• Work task: Print nothing but the lines from the start of the listing below through the line that contains "About 100 pilot". Do not include the pictures.

◆ ◆ ◆ ◆ ◆ ◆ ◆

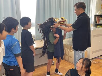 をもって話を聞いたり,獅子舞をかぶったりしていました。
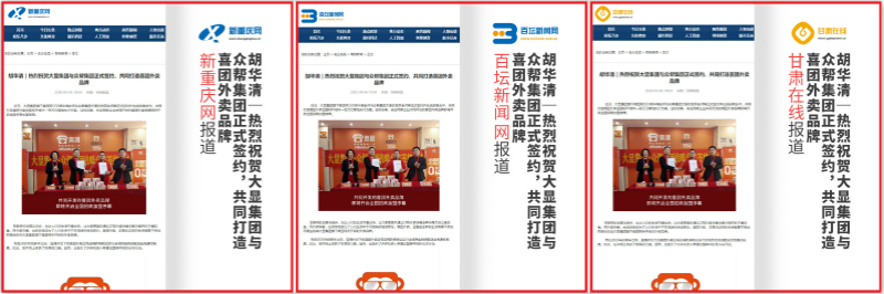 近日,大显集团旗下喜团网CEO胡华清老师与众帮集团方面的贺笑老师等正式签约并达成战略合作,共同打造喜团外卖全国标杆城市一百万元落地执行方案。这标志着,由这两家企业共同开发的喜团外卖品牌即将开启全国招商加盟序幕。
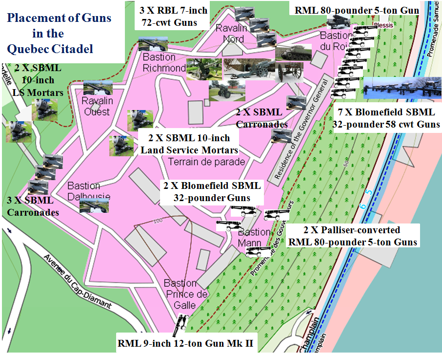 La Citadelle de Québec, diagram showing the placement of large guns on display.
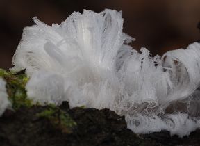 Hair ice is a rare type of ice formation where the presence of a particular fungus in rotting wood produces thin strands of ice which resemble hair or candy floss.
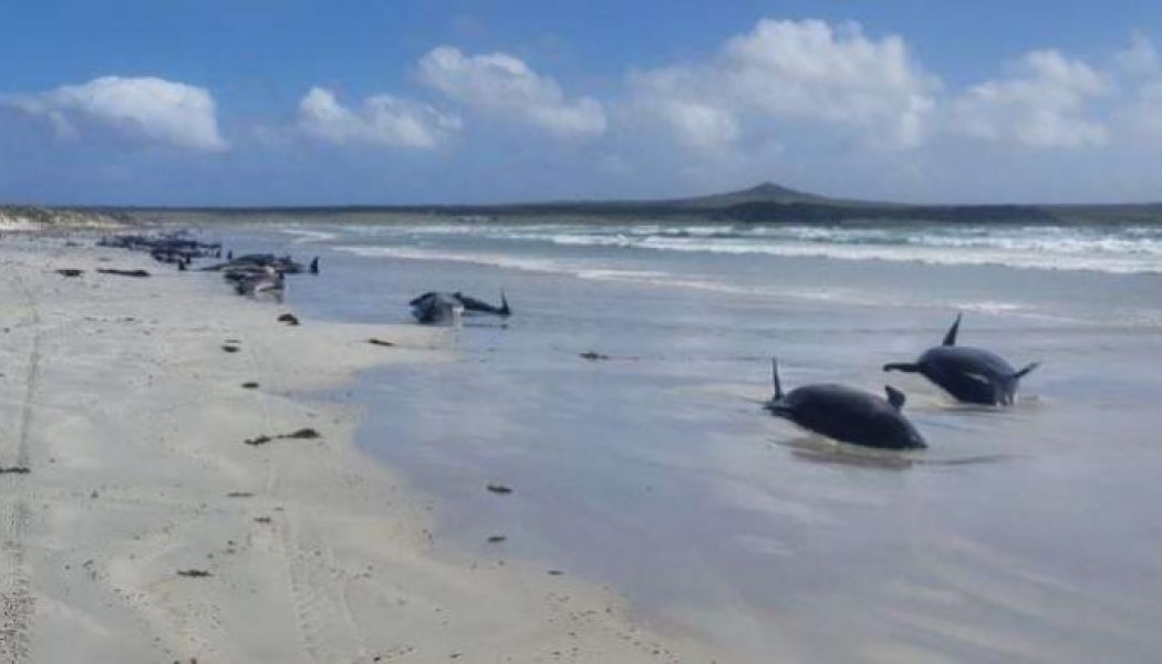 About 100 pilot whales and bottlenose dolphins have died in a mass stranding on the remote Chatham Islands, about 800km (497 miles) off New Zealand’s east coast, officials said. Most of them were stranded during the weekend but rescue efforts have been hampered by the island’s remote location. New Zealand’s Department of Conservation on Wednesday said a total of 97 pilot whales and three dolphins died in the stranding, adding they were notified of the incident on Sunday. “Only 26 of the whales were still alive at this point, the majority of them appearing very weak, and were euthanised due to the rough sea conditions and almost certainty of there being great white sharks in the water which are brought in by a stranding like this,” said DOC Biodiversity Ranger Jemma Welch. Mass strandings a...
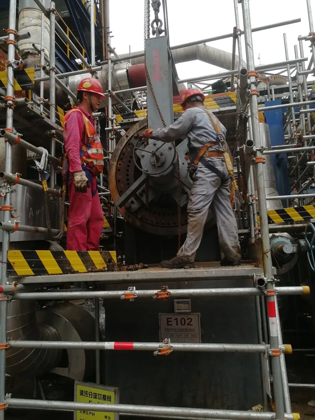 研发工装采用新技术、新装备提高检修效率,在蜡油加氢装置检修中得到体现。随着高压换热器头盖的拆卸和回装,标志着公司换热器新型工装设备的研发及使用,取得圆满成功,得到了金陵公司相关领导的一致肯定。
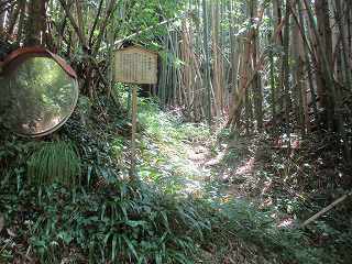 案内板も設置されていたので、主郭まで道が付けられていることを期待したのだが、それは甘かった。この道は途中にある墓地に行くためのものであり、道はそこまでしか付けられていない。

◆ ◆ ◆ ◆ ◆ ◆ ◆

• Output of the exercise:
 をもって話を聞いたり,獅子舞をかぶったりしていました。
 近日,大显集团旗下喜团网CEO胡华清老师与众帮集团方面的贺笑老师等正式签约并达成战略合作,共同打造喜团外卖全国标杆城市一百万元落地执行方案。这标志着,由这两家企业共同开发的喜团外卖品牌即将开启全国招商加盟序幕。
 La Citadelle de Québec, diagram showing the placement of large guns on display.
 Hair ice is a rare type of ice formation where the presence of a particular fungus in rotting wood produces thin strands of ice which resemble hair or candy floss.
 About 100 pilot whales and bottlenose dolphins have died in a mass stranding on the remote Chatham Islands, about 800km (497 miles) off New Zealand’s east coast, officials said. Most of them were stranded during the weekend but rescue efforts have been hampered by the island’s remote location. New Zealand’s Department of Conservation on Wednesday said a total of 97 pilot whales and three dolphins died in the stranding, adding they were notified of the incident on Sunday. “Only 26 of the whales were still alive at this point, the majority of them appearing very weak, and were euthanised due to the rough sea conditions and almost certainty of there being great white sharks in the water which are brought in by a stranding like this,” said DOC Biodiversity Ranger Jemma Welch. Mass strandings a...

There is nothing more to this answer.